10/100/1000 network switchers: Routing switchers in the network have an operational speed capability. Hubs will not work for video because they have a dedicated bandwidth and broadcast signal to all connected users, whereas switchers use micro segmentation to provide a signal where it is needed.

Possible Solutions

One approach to handling audio and video netword demands is to configure subnetworks. Users in one area can be separated into a subnet where the higher local traffic does not affect the basic building backbone. If the viewers are widespread, the next step is to assign quality of service levels to the signals. Queues can have multiple levels of priority, with higher priority going to time-sensitive data. A higher level of service priority might be assigned to a video signal, where loss of data would result in a decreased frame rate for the viewer. Note that MPEG video playback is not rate adaptive. An application such as video conferencing, however, is rate adaptive because the codec can adjust the frame rate as needed.

Probably the best solution is to provide a separate wire connection. Dedicated CAT wire will be free of any other burden and will operate without interruption. If, however, the identified user’s computer must be connected to the regular network for normal computing and also connected to a specialized network, a server will be needed to select the appropriate signal connection. Most often, heavy video and audio traffic devices have a CAT connector only for connecting to another similar device. Although this RJ 45 connector appears to be a standard Ethernet connection, it is actually a proprietary connection between like devices. (Symnet is an example of this type of dedicated use of CAT wire between audio devices sharing digital audio.) If a device has an IP address, it is looking for an IP Ethernet network connection for interconnectivity with non-dedicated processor environments.

Optical fiber has much more bandwidth to offer. Optical carrier 3 (OC3) is an interbuilding connection over optical cable at 155mbps. A major campus link or a link to a service provider might have OC12 with a data rate of 622mbps. Copper limitation is DS-3 with 45mbps.

Optical fiber, however, needs transmitters at the origin of the fiber and a receiver at the destination. The cost of transceivers is high and may be more than the cost of the audio mixer at the origin. Fiber is an end-to-end connection and does not go as many places as UTP networking.

Comparatively, the fiber network may not be connected to the desktop because of the cost of the encoders and decoders. Fiber may be the best connection for the bandwidth requirements of an auditorium display, but this is not the everyday computational load. Without fiber, the desktop environment may well depend upon CAT cable. The answer may be at least two networks.

Any new facility should consider a dedicated network for audio, video, and associated control.

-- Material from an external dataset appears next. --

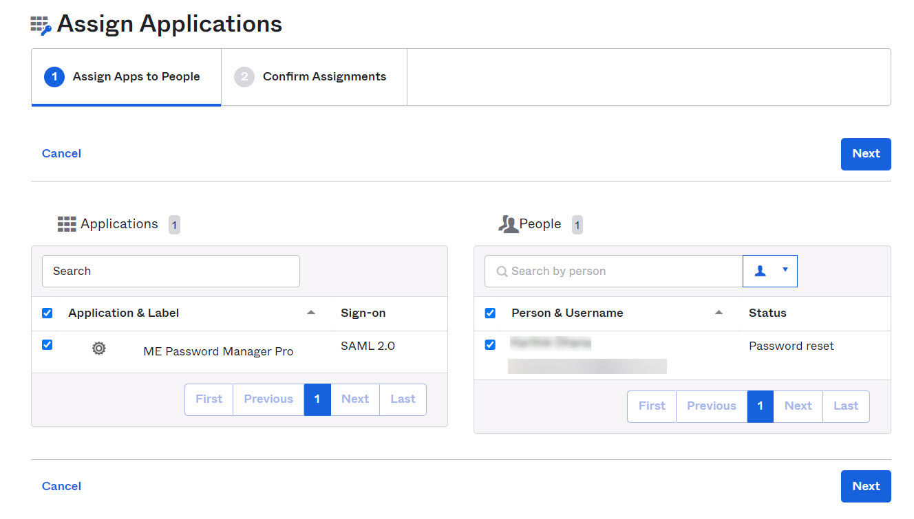 - In the Assign Apps to People tab, select ME Password Manager Pro from the Applications section and pick the desired user name from the People section.

Although control represents a very small network activity, it is generally linked to the video or audio signal and would need the same connectivity.

Other Questions to Consider

Don't forget these details in your planning:
- Who maintains the AV switches as opposed to the data switches and hubs?
- Who sets the color standard for all the CAT wire and RJ 45 receptacles?
- Who gets what locations in the MDF and IDF rooms?
- Can the systems cross patch?
- Will the two (or more) networks racks stand next each other in the MDF or IDF room?
- Can users cross-connect receptacle functions?
- Who will control the tel/data room so that it doesn’t become an uncontrolled hangout?

When designing a network, the ongoing construction meetings often bypass the larger issues while a general contractor stands waiting for an answer to the request for information. The issues discussed in this article are for early programming discussions while the new building is being designed and the occupants are looking for solutions to their individual and group needs. Address these needs. Don’t build a monument to unfulfilled desires and frustrated dreams.